Saturday, July 09, 2005

Essay: Walkabout


Walkabout (1971)
Directed by Nicolas Roeg

"Symbols and Trophies of the West"
by Cullen Gallagher

Nicolas Roeg opens his film Walkabout (1971) with a father doing field research in the Australian outback, with his son playing with toy cars and guns, and his daughter preparing a picnic. The father seemingly goes mad and begins shooting at his children before setting fire to the car and shooting himself. The children, sans parents and sufficient food, are left to wander the outback alone. While this is certainly a surreal way to open a movie, it can be analyzed in a very symbolic way, which ties it in well with the rest of the movie. If we dehumanize and objectify the father, making him an object, like the gun in his hand, or the car that he drives, his absence from the children’s lives takes on the significance of other Western signs absent from the majority of the movie.

On a broad symbolic level, the sudden change of character for the father can be seen as a mechanic malfunction, something akin to a car dying or a gun jamming. In essence, the opening scene symbolizes the backfiring of Western civilization and introduces the idea of societal discontentedness.
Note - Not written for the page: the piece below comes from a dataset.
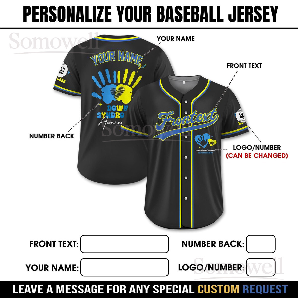 Custom Down Syndrome Awareness Baseball Jersey for Men Women Youth Kid Support Gift Shirt Multi Color Edition

The opening picnic then is a collection of Western comforts, things that have been given value and deemed necessity: bottled lemonade (not even water), a packed lunch, a blanket to spread the food on, a vehicle to travel with, a gun for protection – from what it is unclear, as there is nothing dangerous in these surrounds lest each other and their own inability to survive with luxuries.

Therefore the disrobing of Western civilization, so to speak, is necessary is in film’s narrative for the son and daughter to leave behind in order that they become, superficially, on the level of the aborigine they are to encounter. In opposition of such films as The Gods Must Be Crazy (1980) (where a !Kung tribe is thrown for a loop when they mistake a Coca-Cola bottle as a present from the gods), it is not “the uncivilized man” that cannot make sense of “the civilized world” but vice versa: the “civilized” man is stripped of all that is familiar to him and he must adapt quickly to survival on his own.
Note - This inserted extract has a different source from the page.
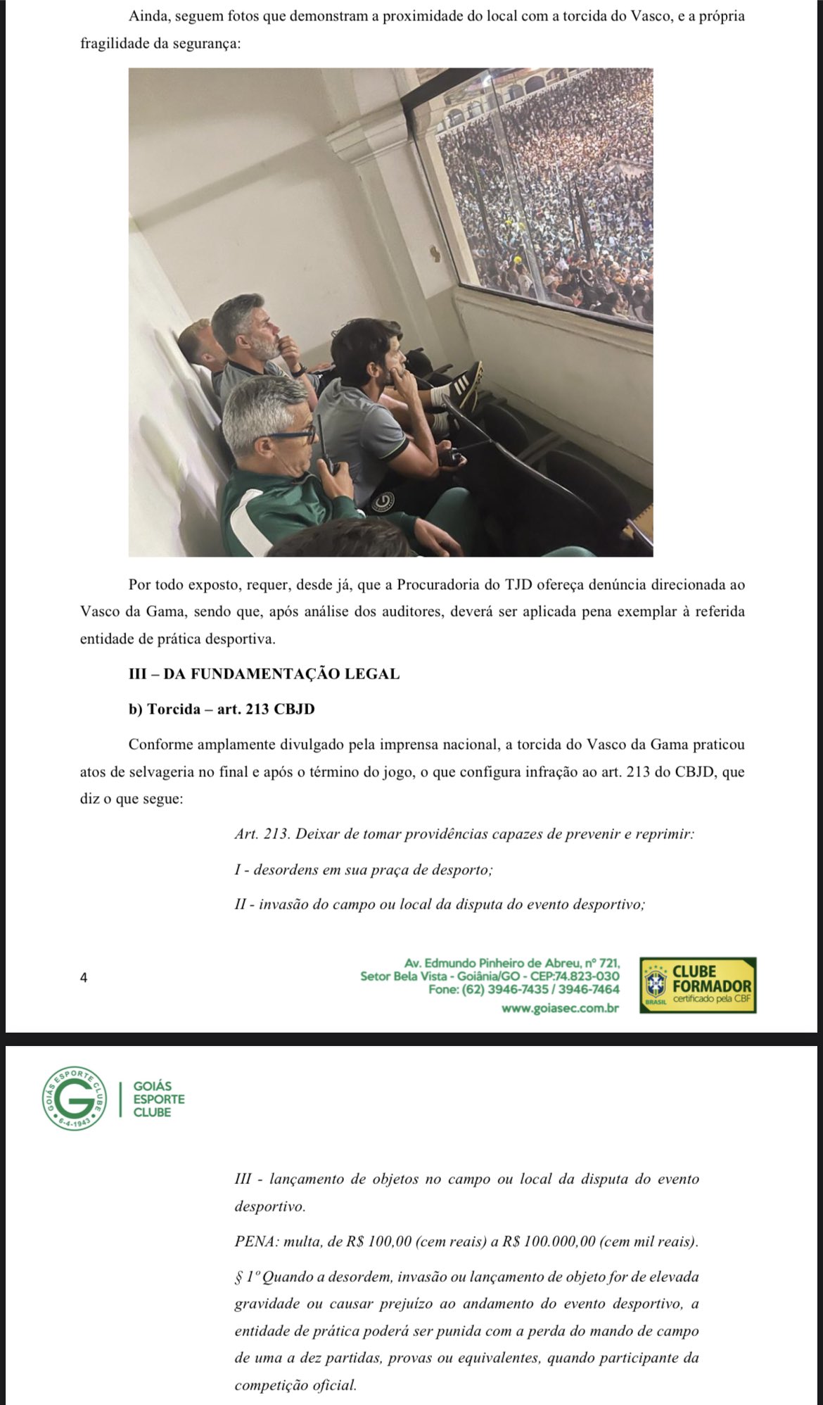 O Goiás entrou com uma “Notícia de Infração Disciplinar” contra o Vasco no STJD e pediu punição ao time carioca por conta do ocorrido em São Januário. O Esmeraldino alega que a torcida vascaína praticou “atos de selvageria” e também “ausência de infraestrutura” no estádio.

Roeg also uses dialectics to compare the landscapes of the two different words: modern city life and the outback. Roeg begins the film with a shot of an apartment building near the sea. It is a picturesque shot, one that explains the place of nature in modern times: a scenic view from a window. The framing of the shot is important, however: the edge of the apartment building is flush alongside the right edge of the screen, occupying only a quarter of the screen. The remaining seventy-five percent of the screen is the ocean, which collides into and off of the left-hand side of the screen.

This shot is juxtaposed with a tracking shot that begins in a similar fashion to the previously discusses shot. A concrete wall begins on the left side of the screen, taking the place of the sea; frame right, the remaining quarter of the frame is an open shot of desert. The camera dollys right, exchanging the wall for a glimpse of the father in his car, doing research.

These two shots are important because of their visual similarities and their implications, which are very ironic. The portrait of modernity is distinguished by the presence of the sea, and the outback is introduced through a barren wall, seemingly pointless and lost in the terrain. But these characteristics are important, however. The sea is very tame next to the apartment building, it is not ferocious or wild; it appears as though it were a painting. One can imagine the inhabitants looking out their window the way they would look in the mirror or at an open closet. Contrarily, the wall is out of place in the outback, abandoned and solitary, much like the children feel at first. The two shots, then, summarize the typical interaction of the two worlds: they co-exist in such close proximity, yet they are separate and segregated.

Roeg embraces these incongruous neighbors; he destabilizes their isolation by presenting them together, in their greater contexts. Marshall McLuhan, in the book The Medium is the Massage (visualized by Quentin Fiore), addresses this notion of isolation as having vanished in contemporary society. Technology perpetuates knowledge. Print, paint and photography have plasticized knowledge, making it traversable, and the idea of truth can no longer seen as two sided: the “other” side of the story has given way to a whole circle of new truths, all equally viable (68-69). “Survival is not possible if one approaches his environment, the social drama, with a fixed, unchangeable point of view – the witless repetitive response to the unperceived” (10).

The environment McLuhan speaks of can be compared to the opening juxtapositions (and subsequent ones) in Walkabout. The dolly shot of the desert that begins with the wall on the left of the screen, and the small portion on the right with the desert. The camera tracks to the right, exchanging the wall for a larger view of the desert. These perspectives are changing, and these images (that represent places, ideas, people) are not static and separate – they form a greater whole, and they must be placed in a constantly evolving perspective. To quote Marshall McLuhan once more:

Our time is a time for crossing barriers, for erasing old categories – for probing around. When two seemingly disparate elements are imaginatively poised, put in apposition in new and unique ways, startling discoveries often result. (McLuhan and Fiore 10)

Works Cited
McLuhan, Marshall and Quentin Fiore. The Medium is the Massage. New York, London and Toronto: Bantam Books, 1967.